I'm trying to conceive of an animalogos
Anima
Animus
logos = Etymology: Greek, speech, word, reason
reason that in ancient Greek philosophy is the controlling principle in the universe
and incorporate as a radical politics that is holistic in that I conceive of all beings as equal and deserving of the same dignity of life--that environments should be thought of as large interacting ecospheres that depend on the welfare of all beings (mineral/plant/animal)--that humans are arrogant in thinking they are the only higher evolved creatures on this planet and that they are the only living beings that have achieved higher-functioning consciousness--that love/loving is necessary for good personal health, caring/nurturing realationships are necessary for healthy communities, but that we cannot ignore/suppress our shadow (one of the benefits of creativity for me is channeling that shadow and light into my art in order to create a perspective that accepts them both)--that a pantheist/interdisciplinary perspective works best for me in that I develop the strongest under-standing (foundation) and response-ability (critical voice) from engaging the most possible ways of looking/seeing.
Can there be a meeting of the spirit and rationality = animalogos? Can I create/conceive a positive reality without burying other equally important conceptions of the world?

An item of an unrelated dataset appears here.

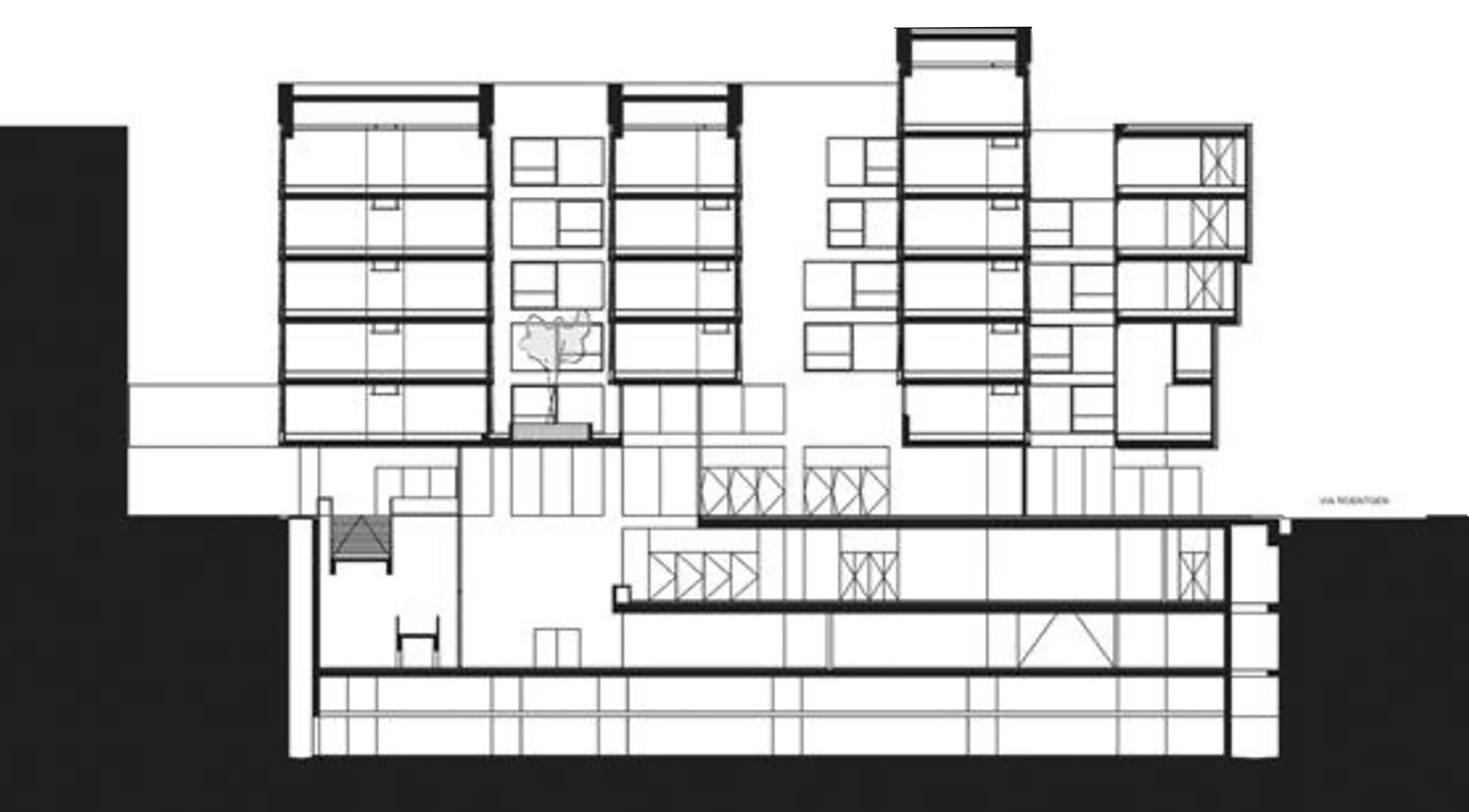 cómo se enclava en el tejido urbano existente, el diálogo del sistema constructivo con el espacio circundante (monumental en la esquina V. Bligny, V. Röntgen; continuidad tipológica en el final de V. Röntgen;…), y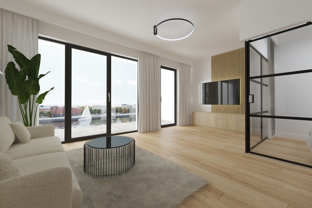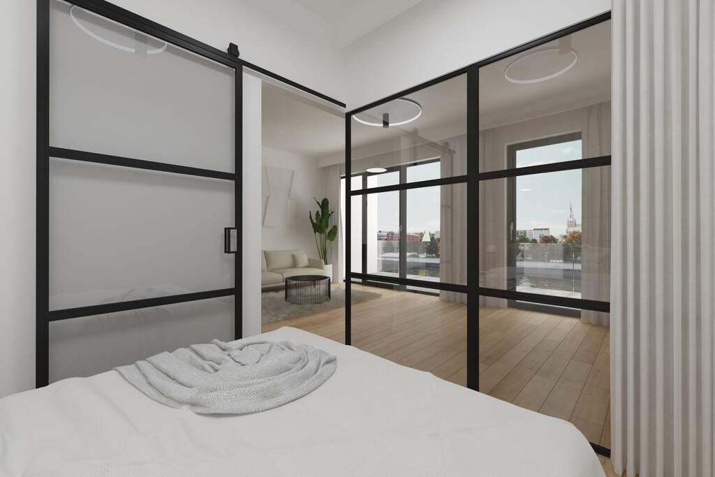 Mieszkanie posiada duży balkon od strony rzeki z widokiem na wodę i miasto.

I look forward to asking more questions and learning from others.
Peace my friends
5 comments:
hey michael,
thanks for letting me in on some background... you certainly touch quite alot of people. i hope to move from the student category to friend category sometime very soon.
peace.
-liz
You are a friend Liz, I've been jamming to the music you dropped off at my office, sure makes the work day a lot more pleasant--nothing California Uber Allies by the Dead Kennedys blasting out of a professor's office to set the tone for student conferences!
hahaha. now *that* just made my day!
;)
Damn, I'd like to be you when I grow up! Thanks so much for this post, Thivai. It makes the thinking about getting over my own hurdles much easier.
surprising how much we can relate to 'a strangers' story... ; )
perhaps it is of sheer will, perhaps a mechanism of survival; but i carry the optimism that merely being one whom is self motivated to learn, grow, be better for themselves and others - will provide that which is needed to propel oneself to 'better days'.
u evidently have these qualities, as u have propelled yourself toward better and better (for u and others) situations and environments.
along with a self-critical awareness, don't forget to appreciate the courage, determination, and *real* strength u also have for qualities.